Ślad ekologiczny na osobę w USA wynosi 8 gha, przy średniej światowej wynoszącej 2.6 gha – co znaczy, że potrzebowalibyśmy 5-ciu Ziemi, by móc przeżyć, gdybyśmy żyli, jak Amerykanie.

Prawdziwość tych kalkulacji
Oczywiście ślad ekologiczny nie jest wskaźnikiem idealnym i ma swoich krytyków. Zarzuca mu się, że pomija pewne istotne czynniki, a inne przecenia.
Ślad nie uwzględnia konsekwencji środowiskowych użytkowania gruntów rolnych przez ludzi, chodzi tu o erozję gleby, wypłukanie substancji odżywczych z gleby, czy nadmierne wykorzystanie wody. Przykładowo, ślad ekologiczny Indonezji wynosi 1.7 gha na osobę, co umieszcza ją w 30% najmniej „szkodliwych” krajów, ale patrząc na statystyki wylesiania Indonezja jest jednym z najbardziej wylesianych regionów na świecie. Podobnie jest z Brazylią.
Zobacz także – Co jest przyczyną wylesiania na świecie?

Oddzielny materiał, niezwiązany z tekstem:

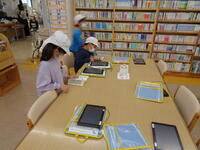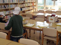そして、最後に図書館での読書活動です。子どもたちは、いろいろな本の中から読みたい本を探してきて、読書を楽しみました。
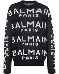 Valentino Men's Blue Wool Intarsia-Knit Logo Jumper
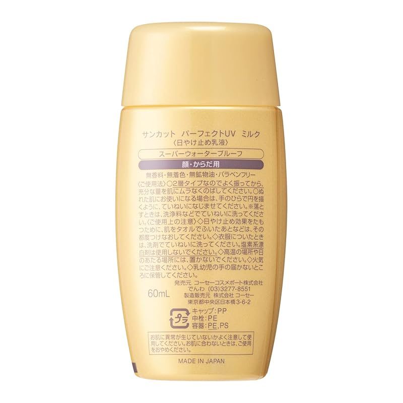 KOSE SPF50+ サンカット パーフェクト UVミルク 無香料 60mL
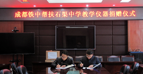 为实现教育均衡,帮扶偏远地区教育薄弱学校,发挥优质学校的引领作用,成都铁中根据金牛区教育局的安排,与石渠中学对口帮扶,每年都会捐赠一定数量的教学物资及设备给石渠中学,同时还会提供骨干教师跟岗研修帮扶,帮助石渠中学提高教师提升教学能力,促进教师队伍的建设。
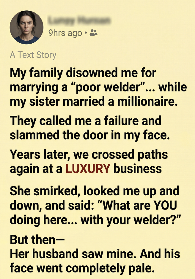 My family disowned me the day I married Daniel. Not because he was cruel or irresponsible, but because he was “just a welder.” To them, that word carried more weight than his character, more judgment than his kindness could ever erase. My parents had always cared about status, reputation, and how things looked from the outside. My sister Chloe fit perfectly into that world. She married a wealthy businessman, lived in a luxury condo, posted perfect photos, and made my parents proud in every way that mattered to them. When I introduced Daniel, they didn’t see a hardworking man with integrity. They saw grease on his hands, modest clothes, and a future they didn’t approve of. My mother called it a mistake. My father called it a waste. Chloe called it embarrassing. And when I chose Daniel anyway, they chose to cut me off. No more family dinners. No more holidays. No more calls. It was as if I had disappeared overnight.
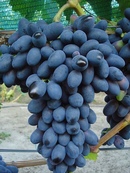 - Академик. Гибрид со сверхранними сроками созревания. Кисти весят 0,8-1 кг. Ягоды иссиня-черные, хрустящие, длинные — достигают 3,3 см. Вкус десертный — 9,8 баллов. Кусты мощные, способны выдержать большой перегруз. Привлекает ос.

Kolejnym argumentem jest to, że w wielu regionach świata brakuje rzetelnych danych, żeby móc tworzyć sensowne szacunki bazujące na nich.
Pomimo, że nie jest idealny, to generalnie ślad ekologiczny jest postrzegany, jako przydatny wskaźnik, który zwraca uwagę na istniejący problem na świecie i jest stale rozwijany i usprawniany.

Oblicz swój własny ślad ekologiczny
Na stronie FootprintCalculator możesz wyliczyć swój własny ślad ekologiczny. Po odpowiedzeniu na kilka prostych pytań dostaniesz odpowiedź ilu planet potrzeba, gdyby wszyscy na świecie żyli tak, jak Ty.
Niestety strona nie jest w języku polskim, więc znajomość angielskiego jest wymagana.